得到允許后的藍盈瑩如釋重負,趕忙轉過身把手帕交給熊建林的父親說道:“可以。”
聽到這句話,熊建林的父親激動得熱淚盈眶,嘴唇顫抖著連聲道謝:“謝謝!謝謝!”
緊接著,熊建林的父親邁著蹣跚而沉重的步伐,雙手緊緊攥著手帕,一步一步艱難地朝著被法警牢牢押解著的熊建林沖去。還未走到近前,淚水便已模糊了他的雙眼,他泣不成聲地喊道:“兒子啊!你媽媽來摸摸你了,兒子......”話到此處,他已是哽咽難言,只能不斷重復著那句飽含深情的話語,“你媽媽來摸你了......”

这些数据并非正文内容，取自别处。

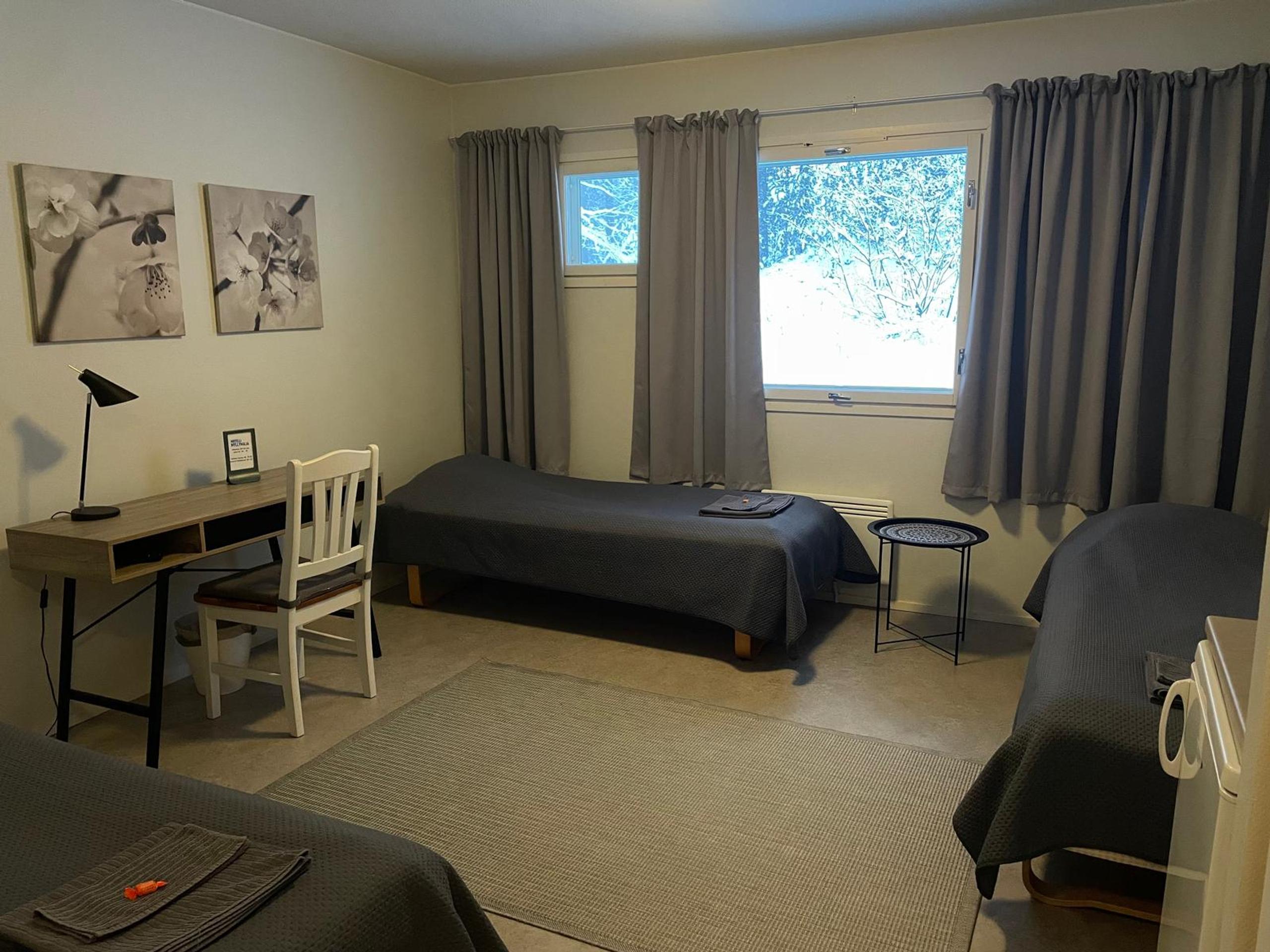 126,00€/vrk 3hh, allergiahuone omalla sisäänkäynnillä, oma wc/suihkutila. Huoneessa 3 erillisvuodetta, kirjoituspöytä, oma...
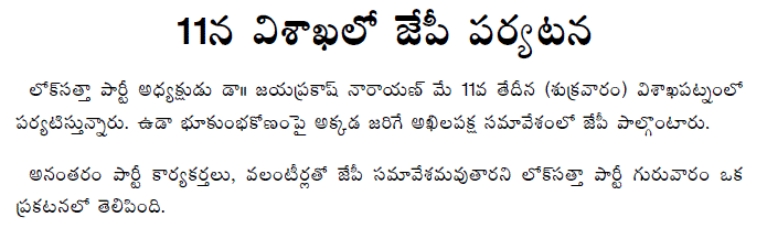 Dr. JP Visiting Vizag on 11th
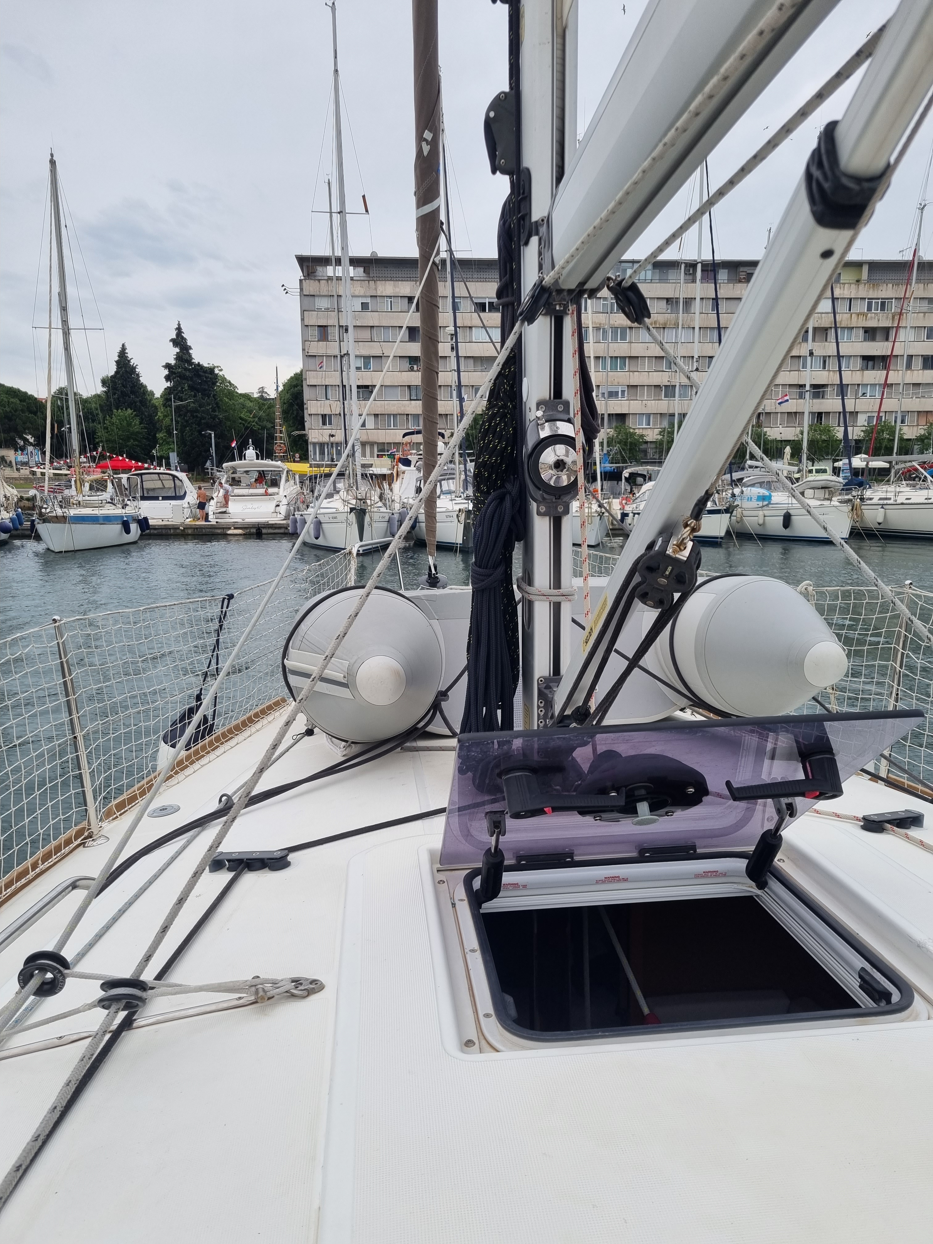 | Navigation | Echolot, GPS mit Kartenplotter im Salon, Hafenhandbücher, Handpeilkompass, Kompass, Seekarten, Sumlog, Windmesser |

熊建林的父親終于來到了兒子身邊,他哆哆嗦嗦地抬起手,將手中的手帕輕輕地貼在了熊建林的額頭上,來回摩挲著,就好像真的是妻子在撫摸著兒子一般。此時此刻,他那顆早已破碎不堪的心像是被千萬根鋼針同時刺穿,疼痛難忍。
站在一旁的熊建林的大姐也忍不住淚流滿面,她望著弟弟,悲切地呼喚道:“小林......”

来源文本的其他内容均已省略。